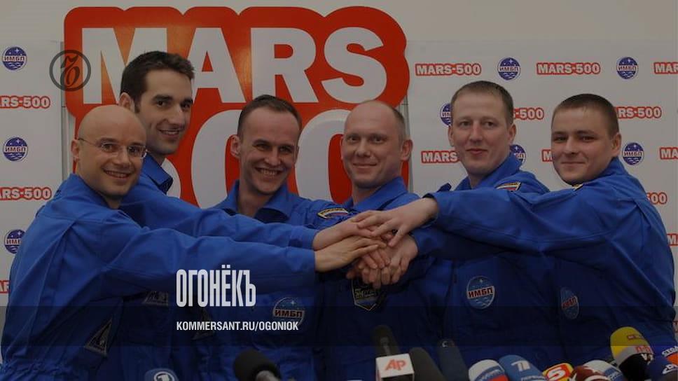 Участники эксперимента по изоляции на 105 суток с командиром экипажа космонавтом Сергеем Рязанским (на фото — третий слева). Команда имитировала полет на Марс
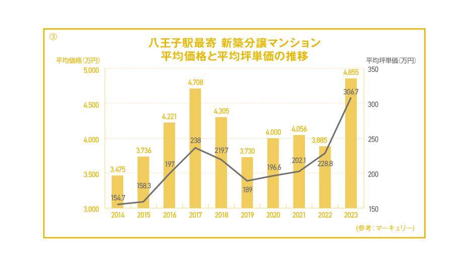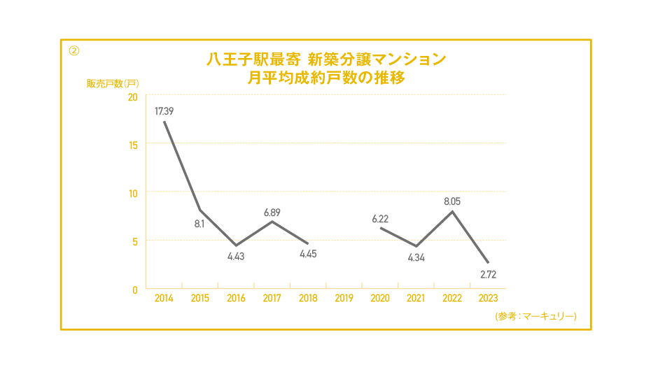 同様に月平均成約戸数を見ていくと2014年に17.39戸であったが2023年は2.72戸まで下落している。(※各年に販売された新築分譲マンションの総戸数を販売期間で割った平均値) 2014年-2018年の好調と言える5年間から、現在では約半数まで落ちてしまった「八王子」駅周辺のマンションの人気について理由を探っていく。
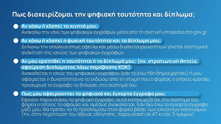Εάν ο πολίτης δηλώσει την απώλεια της αστυνομικής του ταυτότητας είτε αυτοπροσώπως σε ένα αστυνομικό τμήμα είτε μέσω του gov.gr, τότε αυτόματα και άμεσα οποιοδήποτε ψηφιακό αντίγραφο έχει εκδοθεί ακυρώνεται. Το ίδιο ισχύει και εάν ο πολίτης δηλώσει την απώλεια του διπλώματος οδήγησης σε ένα αστυνομικό τμήμα, σε ένα ΚΕΠ ή στη Διεύθυνση Μεταφορών της αρμόδιας Περιφέρειας.
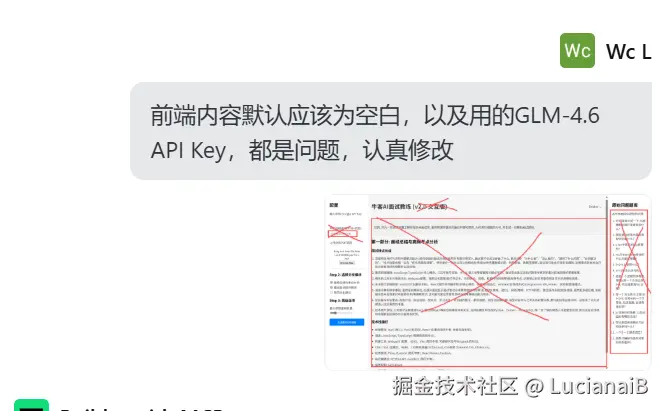 前端内容默认应该为空白,以及用的GLM-4.6 API Key,都是问题,认真修改
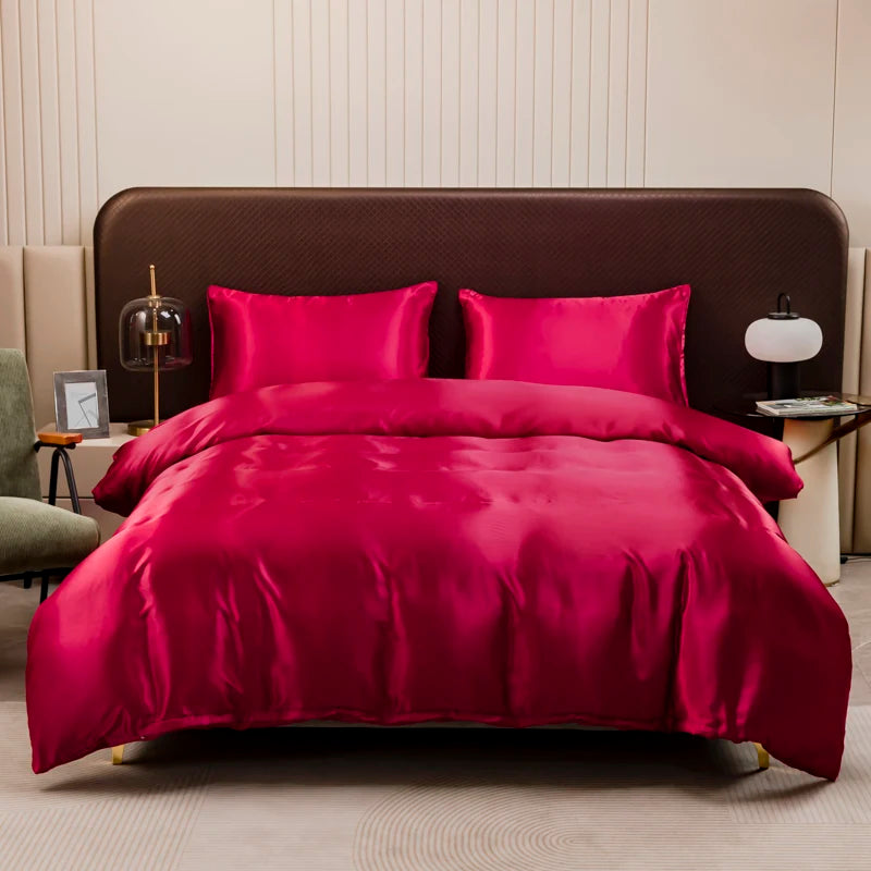 Solid Satin Bedding Set Including Duvet Covers, Bed Sheets, Pillowcases 220x240cm, Free Shipping
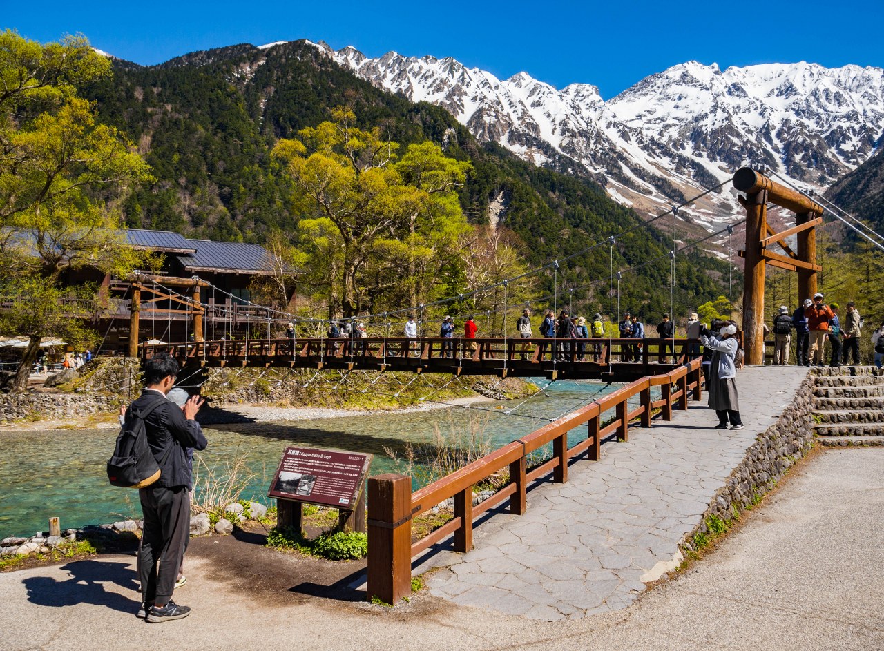 No, ale dobra, niezależnie od moich zapatrywań na kwestię hoteli to przewieszonemu nad rzeką mostowi nie można odmówić ikoniczności. Obecna przeprawa jest piątym wcieleniem Kappabashi, pierwotnie – o ile dobrze rozczytuję źródła – most był podnoszony, lecz od 1910 każda kolejna jego twarz jest już mostem wiszącym. Dziś wiszą też na nim turyści – wszyscy MUSZĄ zrobić sobie pamiątkowe zdjęcie. Nazwa mostu nawiązuje rzecz jasna do jednych z najbardziej znanych yokai japońskiego folkloru, kappy, złośliwych demonów pomieszkujących w okolicach zbiorników wodnych – dolina wraz z yokai (a także mostem) są bohaterami noweli „Kappa” słynnego Ryūnosuke Akutagawy i jeśli mistyczne stwory zaprawdę dolinę zamieszkiwały/ują to ciekawe jak zapatrują się na tysiące gości dziennie.
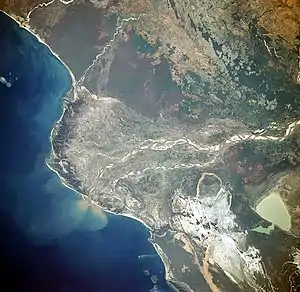 Mangoky, așa cum demonstrează numeroasele bariere de nisip situate în canalul râului. Lacul Ihotry încărcat de nămol, de culoare verzuie, este clar vizibil la sud de râu. Între lac și coastă se află o zonă destul de mare, albicioasă, de nisip, presărată cu iazuri încărcate de mâl. Porțiunea de sud a deltei este dominată de formarea succesivă a barierei de nisip. În schimb, partea de nord, protejată a deltei, este dominată de trecători de maree și mlaștini cu mangrove.
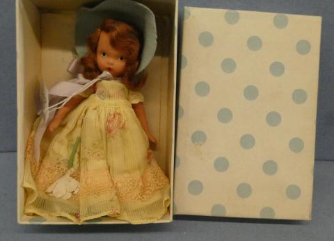 + NA113A Roses are Red #113 Nancy Ann Storybook Dolls Roses are Red, Violets are Blue #113 ~tiny chip on arm ~frozen legs ~Nancy Ann stand Price: $20.00Status: Available Additional Images
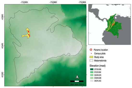 The study site is located at Parque Ecológico Matarredonda (4°33′38.1″ N and 74°0′7.3″ W) in the eastern range of the Colombian Andes, which is part of the Cruz Verde-Sumapaz páramo complex (Figure 1). Elevation ranges from 3100 up to 3600 m.a.s.l. The mean annual precipitation is 1178 mm; the mean temperature is 8.8 ºC, and the mean relative humidity is 88% [26]. Matarredonda comprises 690 ha of páramo ecosystem connected to the Cruz Verde-Sumapaz complex and surrounded by a matrix of forest, roads, and agriculture. In this páramo, vegetation is characterized by short and small growth forms composed by rosettes, shrubs, graminoids, forbs, and mosses. The Cruz Verde-Sumapaz complex has 1857 identified plant species. According to previous surveys, Matarredonda has approximately 30 vascular plant species [27]. However, our annual census has counted more than 97 species, including two the emblematic species in the genus Espeletia, Espeletia argentea, and Espeletia grandiflora [28]. Three soil orders have been found in Matarredonda; inceptisols, histosols and entisols that evidence high humidity levels and organic concentration and reveal past agricultural land use [29].
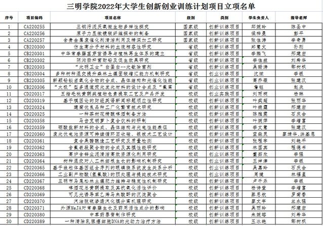 近日,经学校评审我院推荐参评2022年大学生创新创业训练计划的30个项目全部获批立项,其中国家级立项3项,省级立项7项,校级立项20向。具体名单如下:
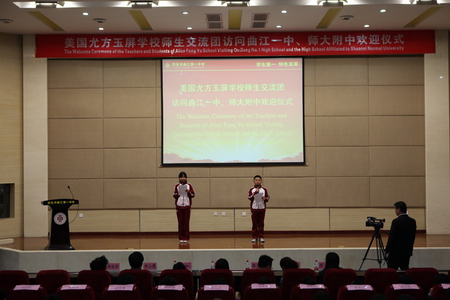 欢迎仪式上,师大附中党总支副书记兼曲江一中常务副校长首先致欢迎辞,在表达了对远道而来的朋友诚挚欢迎之意的同时,他希望中美双方学生能在此次交流活动通过多种方式更深入了解两国文化,结下深厚情谊,搭起友谊之桥。随后,美国尤方玉屏学校司徒校长致答谢辞。在简要的自我介绍之后,她表示非常感谢有这个机会能让中美两校学生进行深入交流。在这个有着悠久历史的城市里,她相信学生会学到更多知识,更努力地了解中国的历史文化与日常生活,领略中国古地的文化与魅力。
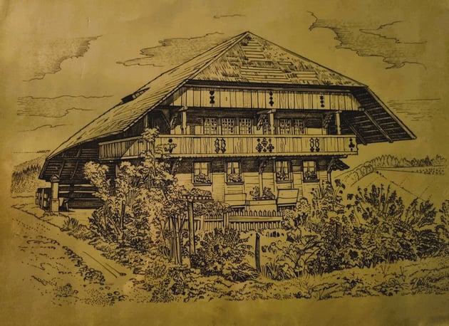 Ein alter Stich zeigt die zauberhafte Schönheit des alten Taunerhauses, in welchem Verlegerin Verena Zürcher mit ihrer Familie lebt und es gerne ab und zu für Gäste öffnet (kulturelle Anlässe wie Lesungen, Kindertheater, Umweltbildung, etc.).
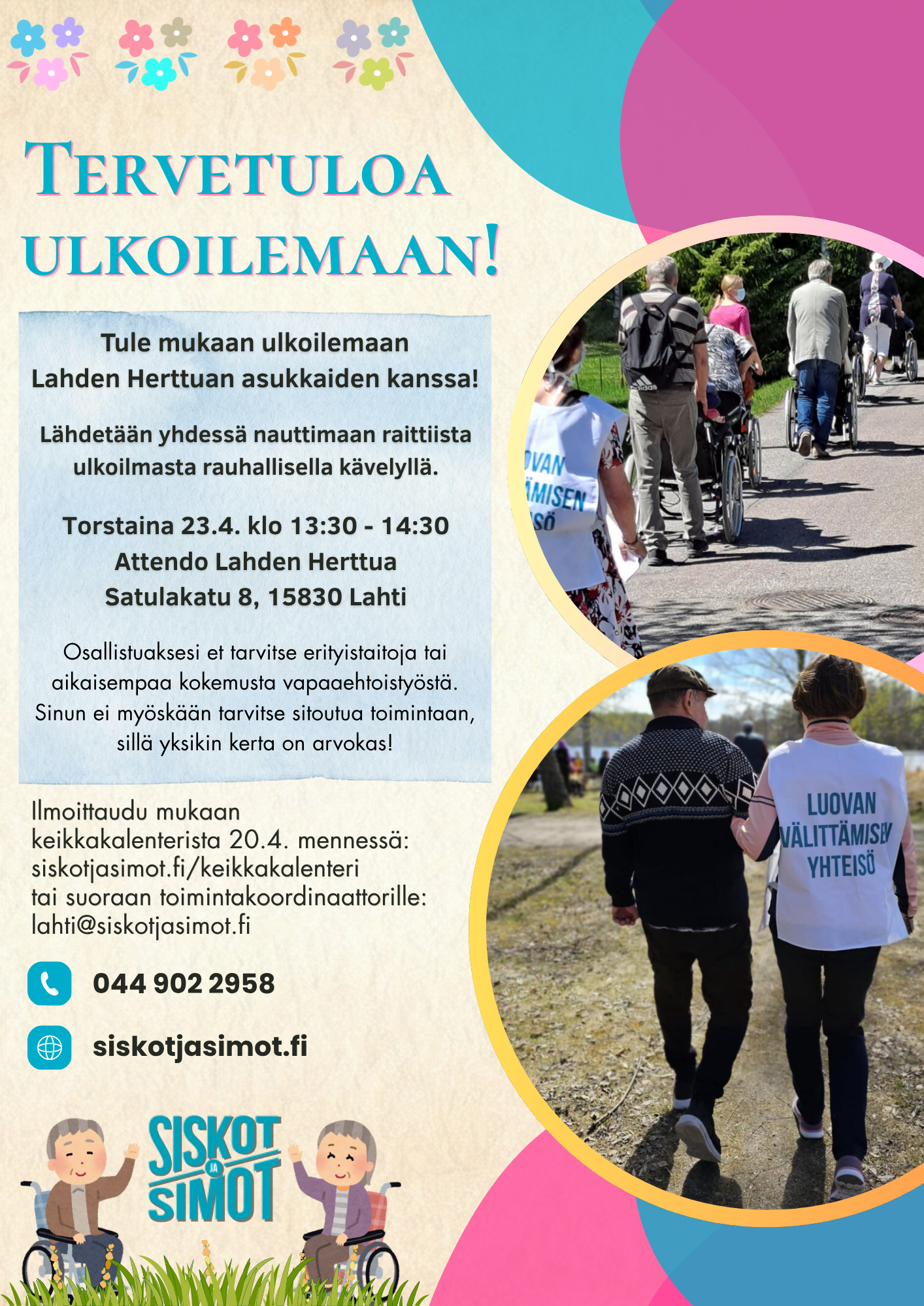 ![]() | LAHTI: Ulkoilua, Attendo Lahden Herttua MILLOIN: 23.4.2026 13:30 – 14:30 Lue lisää ja ilmoittaudu |
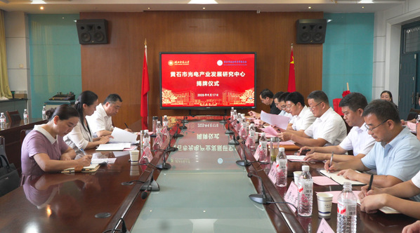 9月17日上午,黄石市光电产业发展研究中心揭牌仪式在我校科技大楼505会议室举行。黄石市委常委、宣传部部长王玲,市委宣传部副部长、市社科联党组书记艾永晴、黄石市社科联专职副主席王晓燕,校党委副书记、校长雷儒金,党委副书记马列军等市校领导及相关部门负责人出席仪式。仪式由校党委常委、统战部部长肖六亿主持。
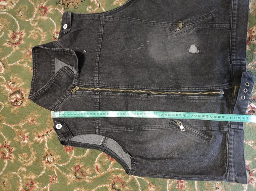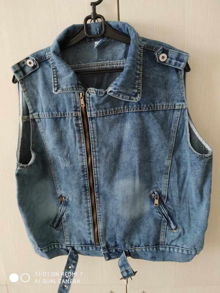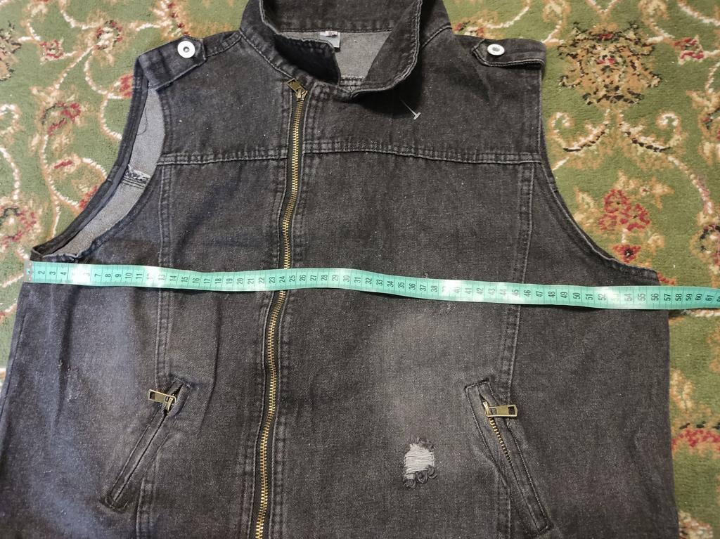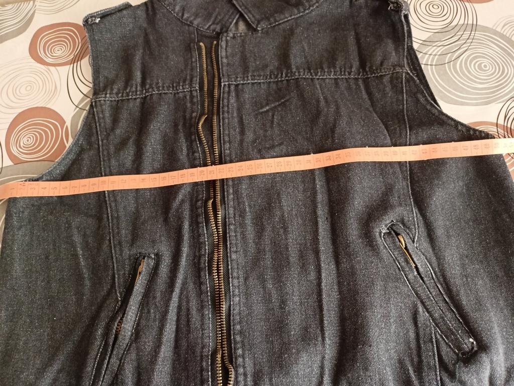 Denim vest, neat tailoring, good quality. Size XXL fits 48 Ros.. Thank you!!
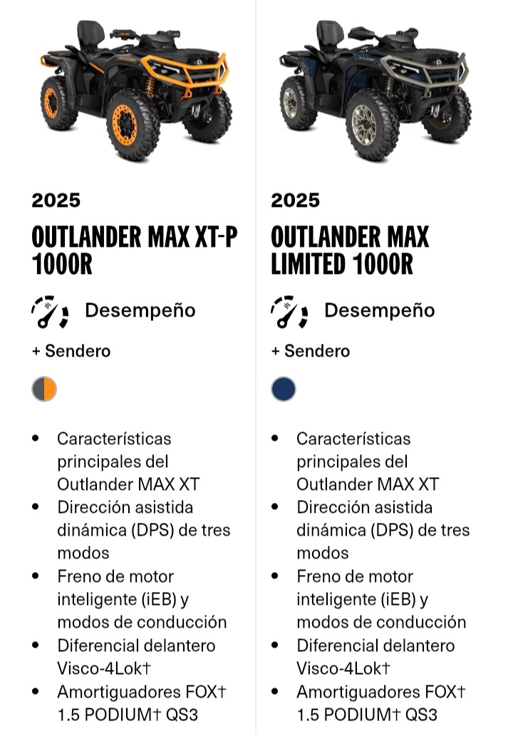 *Outlander MAX XT 700 2025* 🏍️- *Dirección asistida*: DPS de tres modos 🚗- *Freno de motor inteligente*: iEB 🔩- *Diferencial delantero*: De bloqueo automático QE Visco-Lok[15/9, 7:24 p. m.] Asistente para empresas: ¡Excelente selección de cuatrimotos Outlander! Aquí te presento un resumen de las características de cada modelo:
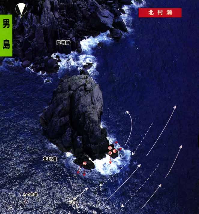 ・底物 この一帯は、下げ潮ははっきりした方向を示すが、上げ潮は安定してなく、時には上の赤瀬方向から入ってくることもある。 ノッ込み期のイシダイはコンスタントに上がっている。 Aは緩い上げ潮が正面から突っかけてくるときがチャンス。水深は竿二本半〜三本。足場はやや前下がりだが、問題はない。竿出し二人。 ここはクエの実績もある。やはり上げ潮が狙いだ。 Bは竿二本の水深で、左前方から来る下げ潮で一人竿が出せる。足場はよい。 Cは左前方から突っかけてくる下げ潮狙い。B同様、足場はいいが、狭いので一人しかやれない。 Dは北村横と呼ばれ、クチジロこそ実績はないが、大型のイシダイ(6.7kg)が上がっている。上げ潮で遠投する。下げでも当たりはでる。水深は竿二本〜三本。二人可能。 そのほか、写真では見えない裏側にも底物ポイントがある。こちらは上げ潮が本命になる。
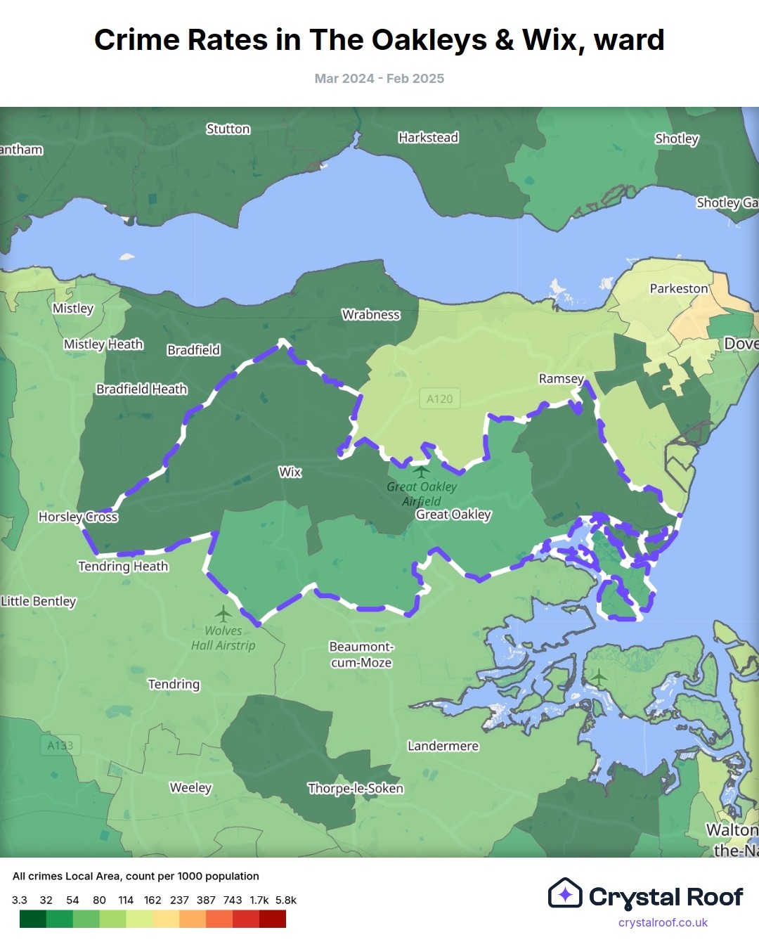 The Oakleys & Wix, (ward) includes areas with the following crime ratings (see map):
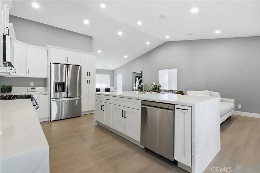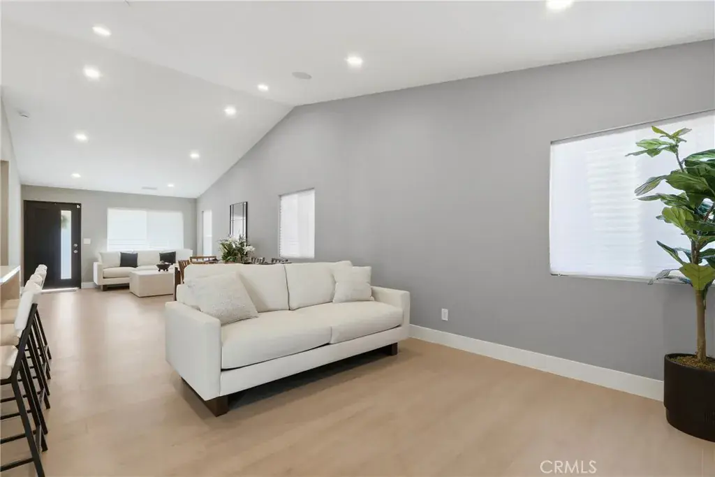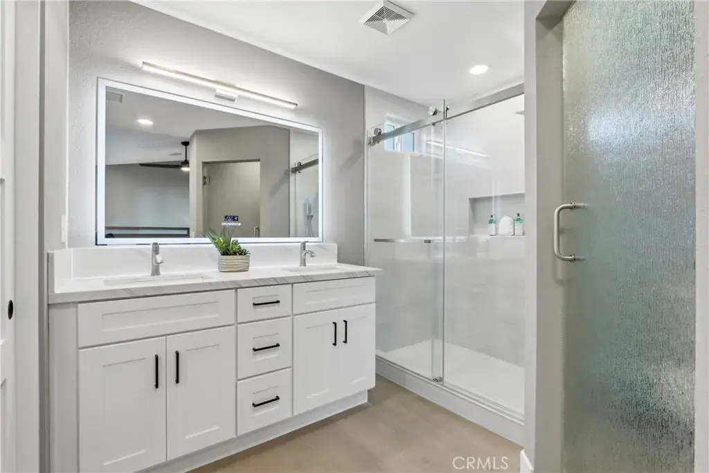 The front yard was recently redesigned with new grass and new river rock design with seasonal plants. This home has new flooring and new kitchen cabinets and all new bathroom vanities; bathroom upgrades include Smart mirrors with lights and blue tooth speakers integrated. New toilets, new vanities with quartz countertops, new tiles and enclosed glass shower doors. The new kitchen includes white shaker cabinets with quartz waterfall island. The Living room has a beautiful tile design with an electric fireplace. Audio speakers in the family room and master bedroom pre wired to add more if desired to upgrade by the new owners. Video surveillance cameras with commercial grade DVR and too many more upgrades. There is plenty of ceiling lights and a ceiling fan in each room. The new front door completes the modern look on the exterior. The new glass garage door comes with a new motor and can be added to the smart home ready features to function remotely and paid solar panels.
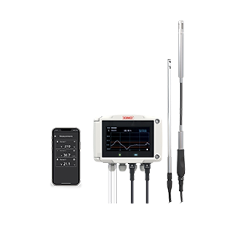 Capteur transmetteur multifonction Si-C320. 4x sorties analogiques configurables (4-20 mA/0-20 mA ou 0-10 V/0-5 V) et 1x sortie numérique RS485 (Modbus RTU). 2x entrées pour sondes externes interchangeables, 1x emplacement pour module de pression interchangeable, 1x emplacement pour module communication sans fil et 1x emplacement pour module relais (les sondes, les modules de pression, communication sans fil et relais sont vendus séparément, vérifier les modèles disponibles dans la documentation). Enregistrement interne des mesures. Sans afficheur. Boîtier ABS IP66, résistant au peroxyde d'hydrogène. Alimentation 24 Vac/24 Vdc. Livré avec certificat d'ajustage et support de fixation mural. Liste des accessoires disponibles en option dans la fiche technique.
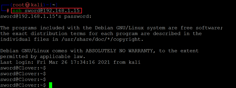 << ssh sword@192.168.1.15 >>

*-*-*

• **REQUIRED WORK**: Up to and including the line containing "No, ale dobra, niezależnie", repeat every line from the start of the data, but none of the pictures.

• **RESPONSE BELOW**:
 Участники эксперимента по изоляции на 105 суток с командиром экипажа космонавтом Сергеем Рязанским (на фото — третий слева). Команда имитировала полет на Марс
 同様に月平均成約戸数を見ていくと2014年に17.39戸であったが2023年は2.72戸まで下落している。(※各年に販売された新築分譲マンションの総戸数を販売期間で割った平均値) 2014年-2018年の好調と言える5年間から、現在では約半数まで落ちてしまった「八王子」駅周辺のマンションの人気について理由を探っていく。
Εάν ο πολίτης δηλώσει την απώλεια της αστυνομικής του ταυτότητας είτε αυτοπροσώπως σε ένα αστυνομικό τμήμα είτε μέσω του gov.gr, τότε αυτόματα και άμεσα οποιοδήποτε ψηφιακό αντίγραφο έχει εκδοθεί ακυρώνεται. Το ίδιο ισχύει και εάν ο πολίτης δηλώσει την απώλεια του διπλώματος οδήγησης σε ένα αστυνομικό τμήμα, σε ένα ΚΕΠ ή στη Διεύθυνση Μεταφορών της αρμόδιας Περιφέρειας.
 前端内容默认应该为空白,以及用的GLM-4.6 API Key,都是问题,认真修改
 Solid Satin Bedding Set Including Duvet Covers, Bed Sheets, Pillowcases 220x240cm, Free Shipping
 No, ale dobra, niezależnie od moich zapatrywań na kwestię hoteli to przewieszonemu nad rzeką mostowi nie można odmówić ikoniczności. Obecna przeprawa jest piątym wcieleniem Kappabashi, pierwotnie – o ile dobrze rozczytuję źródła – most był podnoszony, lecz od 1910 każda kolejna jego twarz jest już mostem wiszącym. Dziś wiszą też na nim turyści – wszyscy MUSZĄ zrobić sobie pamiątkowe zdjęcie. Nazwa mostu nawiązuje rzecz jasna do jednych z najbardziej znanych yokai japońskiego folkloru, kappy, złośliwych demonów pomieszkujących w okolicach zbiorników wodnych – dolina wraz z yokai (a także mostem) są bohaterami noweli „Kappa” słynnego Ryūnosuke Akutagawy i jeśli mistyczne stwory zaprawdę dolinę zamieszkiwały/ują to ciekawe jak zapatrują się na tysiące gości dziennie.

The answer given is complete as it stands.